ABOUT THIS EXERCISE
Give again, word for word, the lines below that run from the line with "階段の途中にちょこちょこ設置" through the line with "Der großzügige, komfortabel". Drop the pictures.

EXTRACTED INFORMATION Start Marker

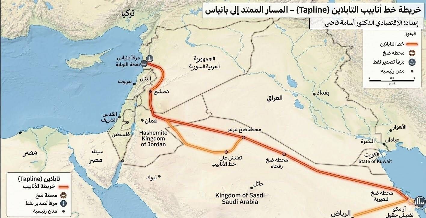 من ضمن مشاريع (4+1)، إعادة إحياء خط أنابيب نقل النفط «التابلاين» الذي نشأ عام 1947 بطول 1664 كيلومتراً، ويمتد من مدينة بقيق السعودية إلى ميناء صيدا اللبناني على البحر الأبيض المتوسط، مع تعديل نهايته ليصب في ميناء بانياس السوري، بحيث يتم ضخ ما بين 5 و7 ملايين برميل يومياً عبر أربعة خطوط متوازية، وذلك بعدما أغلق المشروع بشكل نهائي في تسعينات القرن الماضي.
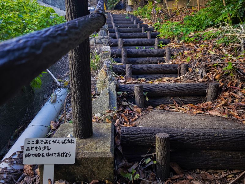 階段の途中にちょこちょこ設置された、一言メッセージ看板に励まされます。身軽ならいいのですが、私はスーツケースを含めた荷物が多かったので、だいぶ疲れました。
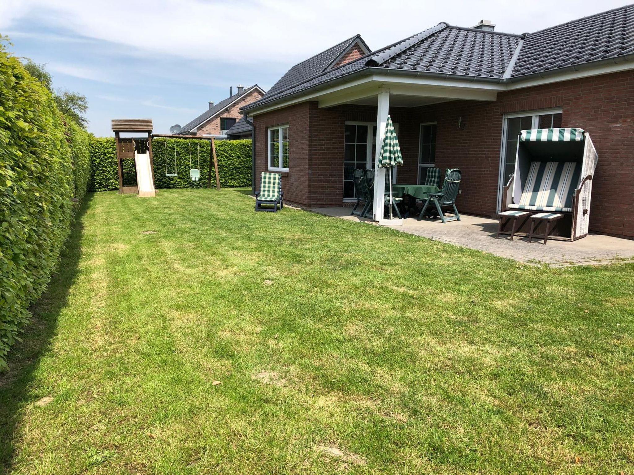 Der großzügige, komfortabel eingerichtete Nichtraucher-Bungalow bietet auf 115 m² ebenerdiger Wohnfläche alle Voraussetzungen für einen erholsamen Urlaub. Nach Betreten des Hauses empfängt Sie gleich die helle und freundliche Atmospäre des weitläufigen, komplett neu eingerichteten komfortablen Bungalows. Das Haus verfügt über 3 Schlafzimmer, die ausreichend Platz zum Zurückziehen bieten. Sie können zwischen zwei Doppelbettzimmer und einem kleineren Zweibettzimmer (mit Tisch zum Wickeln)wählen. Alle Schlafzimmer sind mit einem Schrank ausgestattet, so dass jeder Gast genügend Ablagefläche vorfindet. Des Weiteren stehen 2 Bäder zur Verfügung. Ein Bad ist mit einer Dusche und WC ausgestattet. Das zweite Bad mit WC bietet neben einer ebenerdiger Dusche zusätzlich auch noch eine Badewanne. Im weitläufigen Wohnbereich mit Flachbildschirm-Fernseher lädt eine große, gemütliche Sofaecke zum Ausspannen ein und der Essplatz für 6 Personen bietet ausreichend Platz zum Essen und Spielen. Für wohlige Wärme an kalten Wintertagen oder einfach für gemütliche Stunden das ganze Jahr über, sorgt der Kaminofen. Die an den Wohnbereich angrenzende offene, helle und freundliche Küche ist mit Backofen, Ceranfeld, Kühlschrank mit Gefrierfach, Mikrowelle und Spülmaschine komplett ausgestattet. Ein Abstellraum im Haus und ein Carportzum Unterstellen des Autos und von Fahrrädern komplementieren die komfortable, großzügige Ausstattung des Bungalows. Vom Wohnbereich, von einem der Doppelbettschlafzimmer und von der Küche aus gelangt man über Terrassentüren auf die Terrasse hinter dem Haus und in den Garten, der von einer neu gepflanzeten Hecke umrandet wird. Terrassenmöbel stehen zur Verfügung. Die Größe und ebenerdige Bauart, sowie der große, offene Wohn- und Küchenbereich und das Badezimmer mit einer barrierefreien Dusche bieten auch genügend Bewegungsfreiheit für Rollstuhlfahrer. Ein Babyreisebett und ein Kinderhochstuhl stehen ebenfalls zur Verfügung.
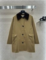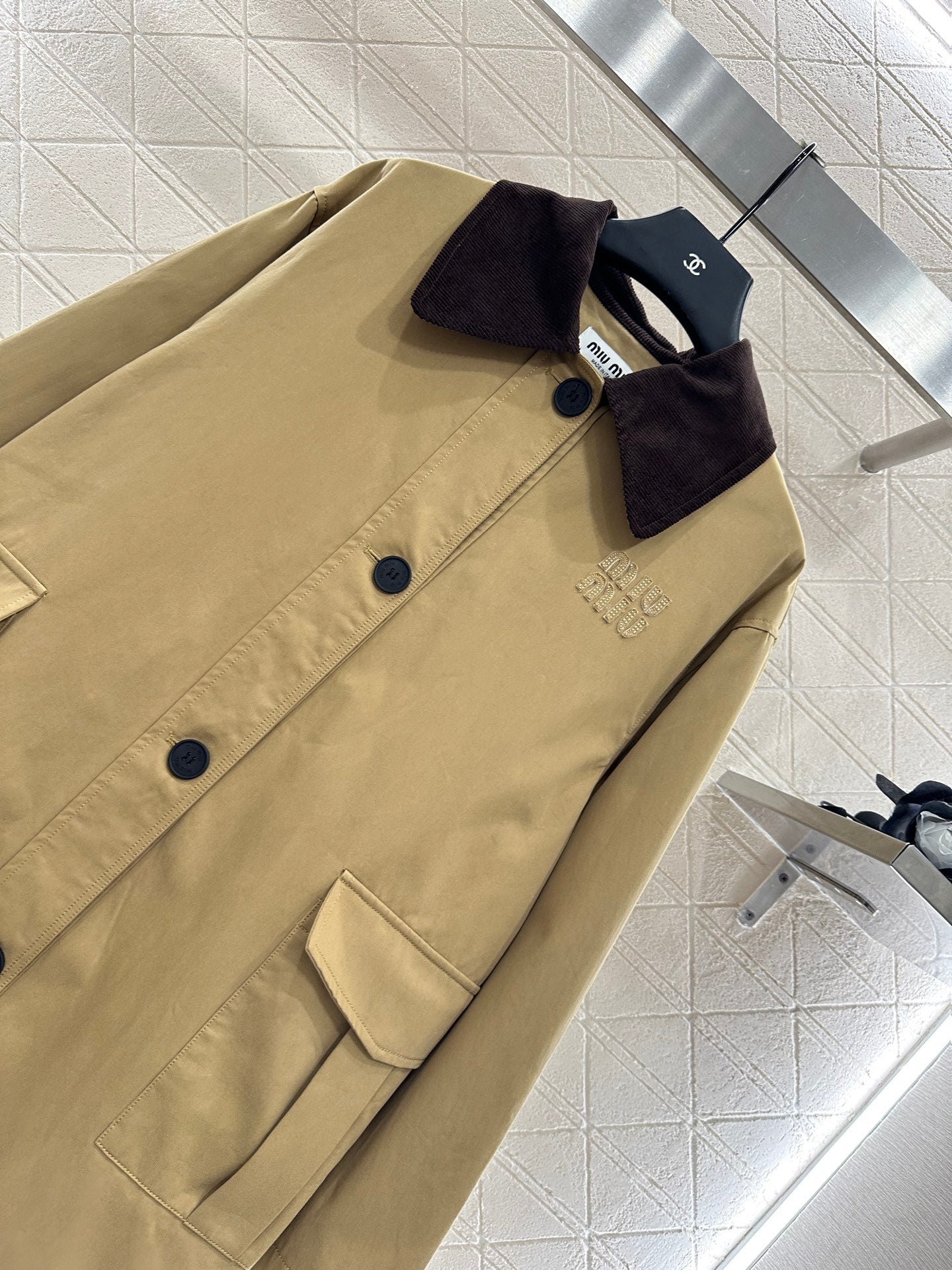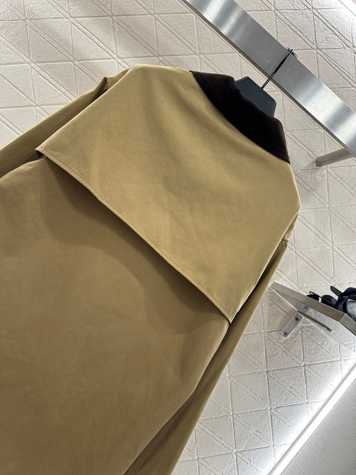 Twill cotton material processing, crisp and stylish texture, high-end lapel, mid length windbreaker jacket, shoulder drop, micro A-line design to create a relaxed and casual style, khaki face, large body ➕ The dark corduroy collar creates a collision and exudes the temperament style of the Korean drama female lead. The flip cover pocket and large capacity pocket make the outfit more neat and agile. The letter logo highlights the taste
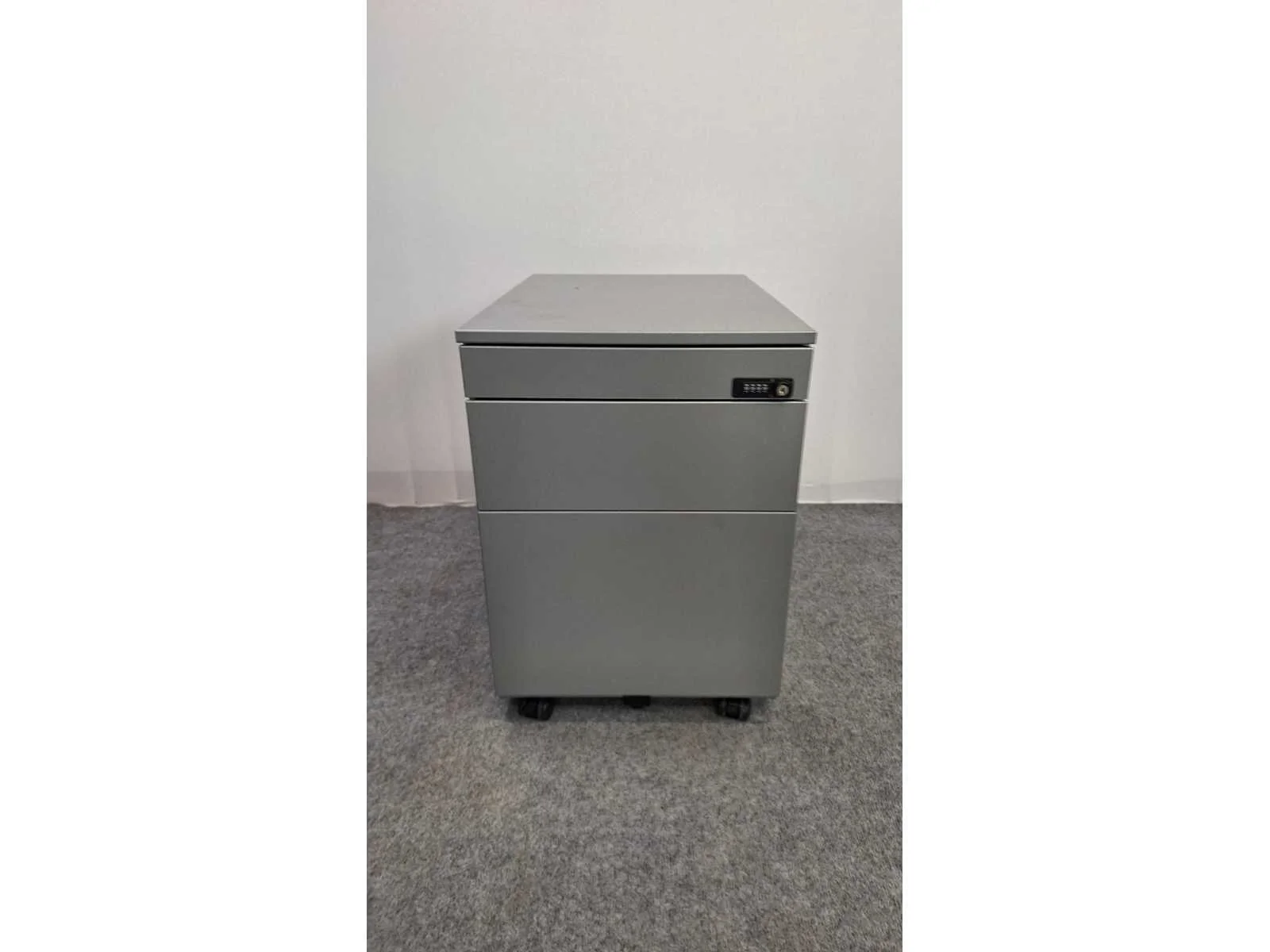 Mobiel ladenblok volledig in metaal kleur Alu, voorzien van 1 dossierlade + 1 gewone lade + 1 pennenlade + cijferslot (code 0000), nieuw in verpakking, geen sleutel No Merk: Drisag Kleur: ALu Gewicht: 100kg Breedte: 42cm Hoogte: 61cm Materiaal: Metaal, kunststof Diepte: 62cm

EXTRACTED INFORMATION End Marker

WRITTEN SOLUTION
 階段の途中にちょこちょこ設置された、一言メッセージ看板に励まされます。身軽ならいいのですが、私はスーツケースを含めた荷物が多かったので、だいぶ疲れました。
 Der großzügige, komfortabel eingerichtete Nichtraucher-Bungalow bietet auf 115 m² ebenerdiger Wohnfläche alle Voraussetzungen für einen erholsamen Urlaub. Nach Betreten des Hauses empfängt Sie gleich die helle und freundliche Atmospäre des weitläufigen, komplett neu eingerichteten komfortablen Bungalows. Das Haus verfügt über 3 Schlafzimmer, die ausreichend Platz zum Zurückziehen bieten. Sie können zwischen zwei Doppelbettzimmer und einem kleineren Zweibettzimmer (mit Tisch zum Wickeln)wählen. Alle Schlafzimmer sind mit einem Schrank ausgestattet, so dass jeder Gast genügend Ablagefläche vorfindet. Des Weiteren stehen 2 Bäder zur Verfügung. Ein Bad ist mit einer Dusche und WC ausgestattet. Das zweite Bad mit WC bietet neben einer ebenerdiger Dusche zusätzlich auch noch eine Badewanne. Im weitläufigen Wohnbereich mit Flachbildschirm-Fernseher lädt eine große, gemütliche Sofaecke zum Ausspannen ein und der Essplatz für 6 Personen bietet ausreichend Platz zum Essen und Spielen. Für wohlige Wärme an kalten Wintertagen oder einfach für gemütliche Stunden das ganze Jahr über, sorgt der Kaminofen. Die an den Wohnbereich angrenzende offene, helle und freundliche Küche ist mit Backofen, Ceranfeld, Kühlschrank mit Gefrierfach, Mikrowelle und Spülmaschine komplett ausgestattet. Ein Abstellraum im Haus und ein Carportzum Unterstellen des Autos und von Fahrrädern komplementieren die komfortable, großzügige Ausstattung des Bungalows. Vom Wohnbereich, von einem der Doppelbettschlafzimmer und von der Küche aus gelangt man über Terrassentüren auf die Terrasse hinter dem Haus und in den Garten, der von einer neu gepflanzeten Hecke umrandet wird. Terrassenmöbel stehen zur Verfügung. Die Größe und ebenerdige Bauart, sowie der große, offene Wohn- und Küchenbereich und das Badezimmer mit einer barrierefreien Dusche bieten auch genügend Bewegungsfreiheit für Rollstuhlfahrer. Ein Babyreisebett und ein Kinderhochstuhl stehen ebenfalls zur Verfügung.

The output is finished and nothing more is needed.